Aim of the task: Return the data verbatim, without pictures.

++++ Data block

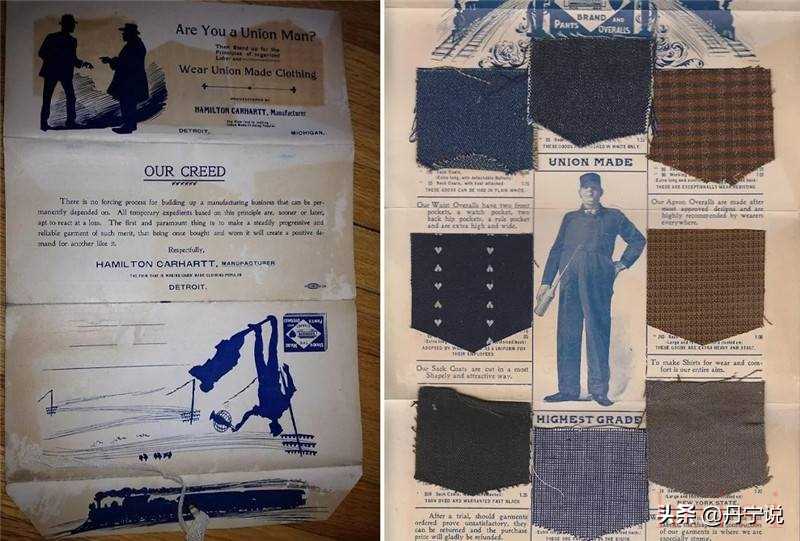 在美國內(nèi)戰(zhàn)的時候,法蘭絨的汗衫在士兵中也很受歡迎。后來工業(yè)革命為英國帶來了機械化的紡織機,使法蘭絨的生產(chǎn)變得更快、更容易。于是有一家叫Hamilton Carhartt(漢密爾頓·卡哈特)的公司看到工作服商機,他們把法蘭絨制成工作服,販賣給修鐵路的工人,從此名氣大噪。下圖為1940年Carhartt樣品傳單
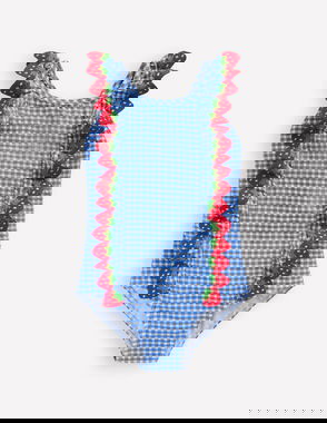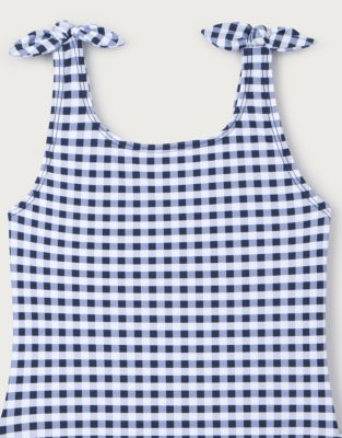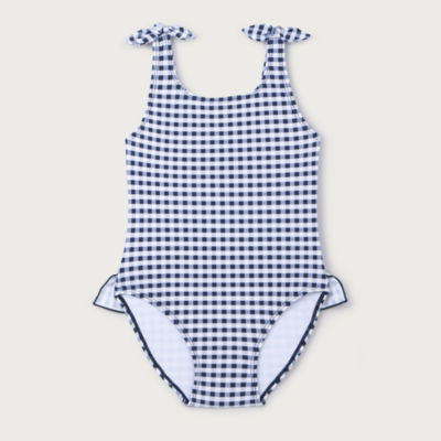 This sweet girls' swimsuit is perfect for sunny beach or pool days. Featuring a classic white-and-navy-checked pattern it has fixed bows on the straps and a ruffle detail across the scoop back. The SPF-protection in the material keeps skin safe during water play. Perfect for any little girls' summer wardrobe.
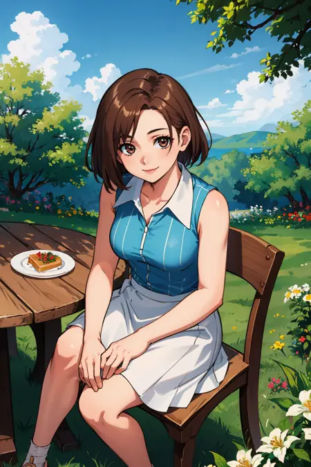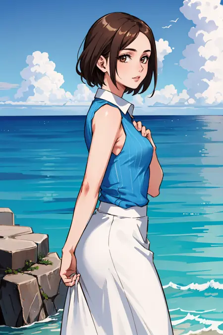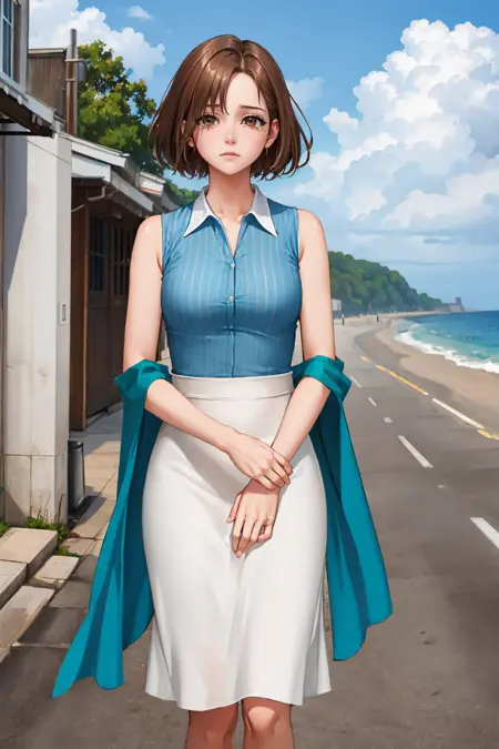 彼女の代表的な外見を再現するには、 "blue shirt, sleeveless, green shawl, white skirt" を追加してください。

++++++++

Result for this exercise:
 在美國內(nèi)戰(zhàn)的時候,法蘭絨的汗衫在士兵中也很受歡迎。后來工業(yè)革命為英國帶來了機械化的紡織機,使法蘭絨的生產(chǎn)變得更快、更容易。于是有一家叫Hamilton Carhartt(漢密爾頓·卡哈特)的公司看到工作服商機,他們把法蘭絨制成工作服,販賣給修鐵路的工人,從此名氣大噪。下圖為1940年Carhartt樣品傳單
 This sweet girls' swimsuit is perfect for sunny beach or pool days. Featuring a classic white-and-navy-checked pattern it has fixed bows on the straps and a ruffle detail across the scoop back. The SPF-protection in the material keeps skin safe during water play. Perfect for any little girls' summer wardrobe.
 彼女の代表的な外見を再現するには、 "blue shirt, sleeveless, green shawl, white skirt" を追加してください。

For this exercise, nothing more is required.